High-volume resistance training can also contribute, particularly when combined with caloric restriction or inadequate recovery. But the research consistently points to endurance training as the primary driver.

Symptoms Beyond Fatigue

The tricky part of overtraining-induced low testosterone is that many symptoms overlap with ordinary tiredness. Fatigue, poor sleep, irritability, and loss of motivation are common in anyone who’s training hard. But when testosterone drops far enough, additional signs emerge that point to something more than just needing a rest day.

These include reduced libido, erectile dysfunction, difficulty concentrating, depressed mood, loss of muscle mass despite continued training, increased body fat (particularly around the abdomen), and reduced bone density over time. Insomnia, anxiety, restlessness, and waking up feeling unrefreshed are also characteristic of overtraining syndrome specifically. The combination of persistent performance decline with mood and sexual symptoms is what separates overtraining from normal hard training.

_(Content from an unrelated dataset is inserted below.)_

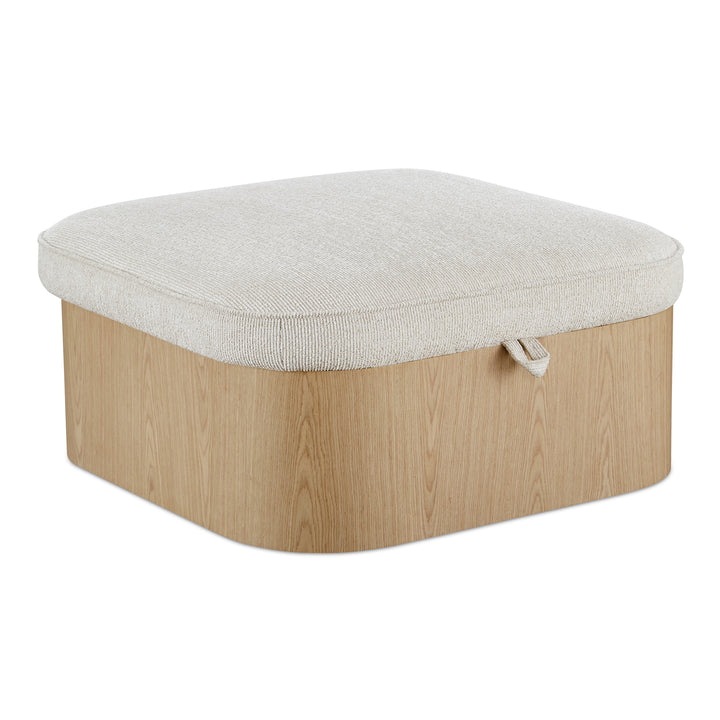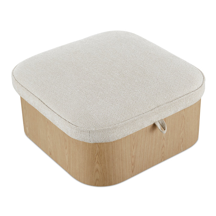 The NADAAL STUDIOS Clarisse Ottoman showcases a harmonious balance of style and functionality. Upholstered in soft flecked oatmeal fabric with elegant piping, the seat provides plush comfort. Its ash veneer base, complete with curved corners, delivers a sleek, minimalist aesthetic. The ottoman features a hydraulic lift top that opens to reveal concealed storage, complete with safety air holes and a pull tab for effortless operation. Fully assembled and ready to use, the Clarisse Ottoman is a sophisticated solution for seating, storage, or enhancing your home décor.

How Testosterone Is Measured

If you suspect overtraining has affected your hormones, a blood test for total and free testosterone is the starting point. However, diagnosing overtraining through hormone levels alone is unreliable. A systematic review of hormonal markers in overtrained athletes found that resting hormone levels, including testosterone, were mostly normal when looked at individually. No single hormone test was altered in more than half the studies reviewed.

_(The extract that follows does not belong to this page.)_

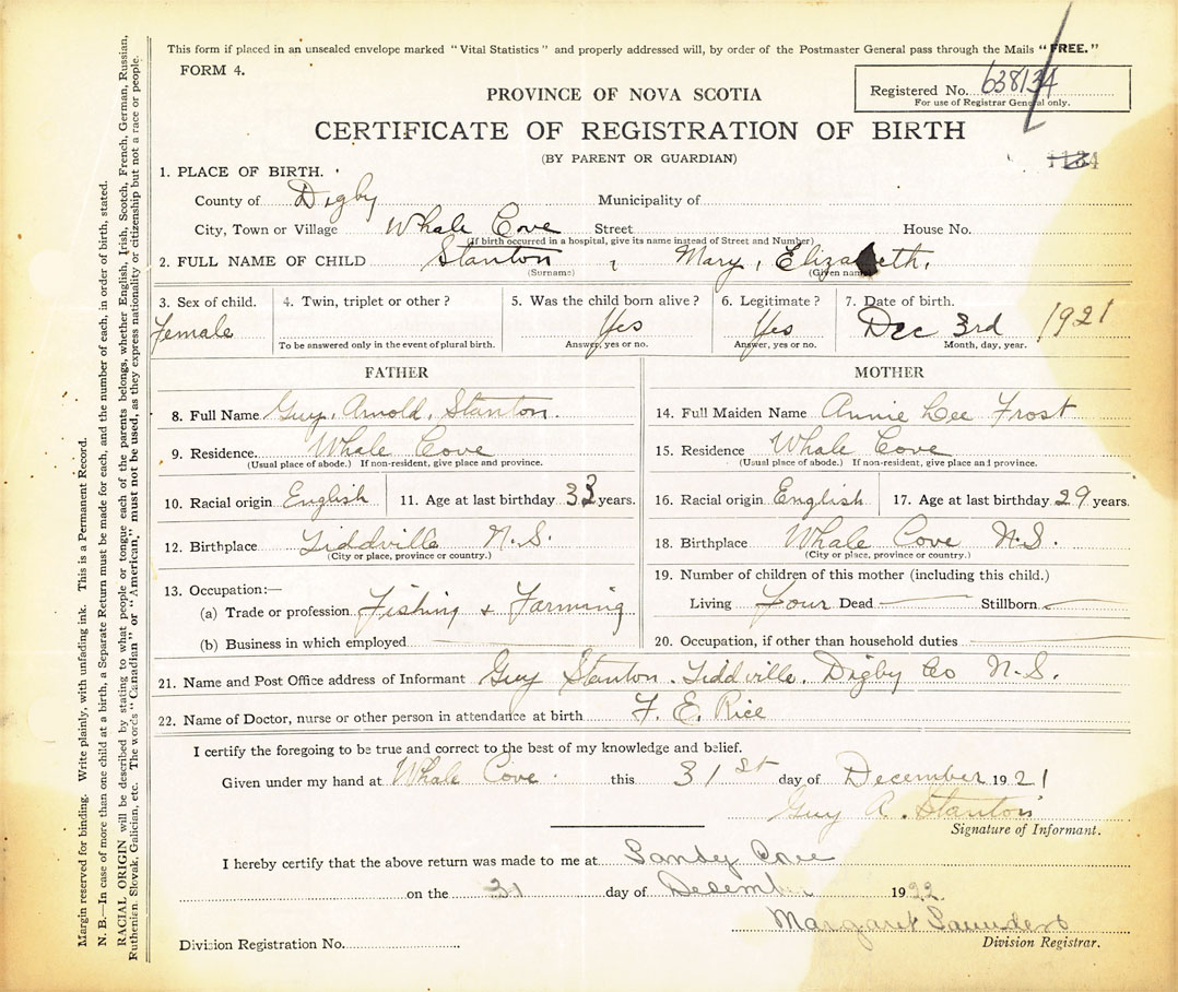 21. Name and Post Office address of Informant Guy Stanton Tiddville, Digby Co

The one marker that showed the most consistent change was the ratio of testosterone to cortisol (the body’s primary stress hormone). A decline of 30% or more from a person’s own baseline has historically been proposed as an indicator of insufficient recovery. But even this has limits: a 30% drop in the ratio doesn’t always correspond to a measurable decline in performance, and the ratio varies widely between individuals. It’s most useful when you have your own previous bloodwork to compare against, not as a standalone diagnostic tool.

Recovery Timeline

The good news is that overtraining-induced testosterone suppression is reversible. Because the problem originates in the brain’s signaling rather than damage to the testes, recovery is possible once the underlying stress is removed. That means reducing training volume, increasing caloric intake (especially if you’ve been in a deficit), and prioritizing sleep.

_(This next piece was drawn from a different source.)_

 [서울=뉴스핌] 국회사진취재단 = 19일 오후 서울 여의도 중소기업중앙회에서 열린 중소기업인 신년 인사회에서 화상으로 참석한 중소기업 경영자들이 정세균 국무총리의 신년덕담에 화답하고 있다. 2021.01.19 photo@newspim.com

There’s limited data on exact timelines specific to overtraining recovery, but research on other forms of secondary hypogonadism suggests that gonadotropin levels (LH and FSH) typically recover within 3 to 6 months once the suppressive stimulus is removed, with testosterone following a similar trajectory. Athletes with milder suppression may bounce back faster. Those who have been chronically overtrained and underfed for years may take longer, and full recovery depends on actually addressing the energy deficit rather than simply reducing mileage while continuing to undereat.

For most men, returning to a sustainable training load with proper nutrition is enough. The clinical case reports in the literature consistently show hormone normalization without any pharmaceutical intervention, as long as the athlete actually commits to recovery rather than cutting volume by 10% and hoping for the best.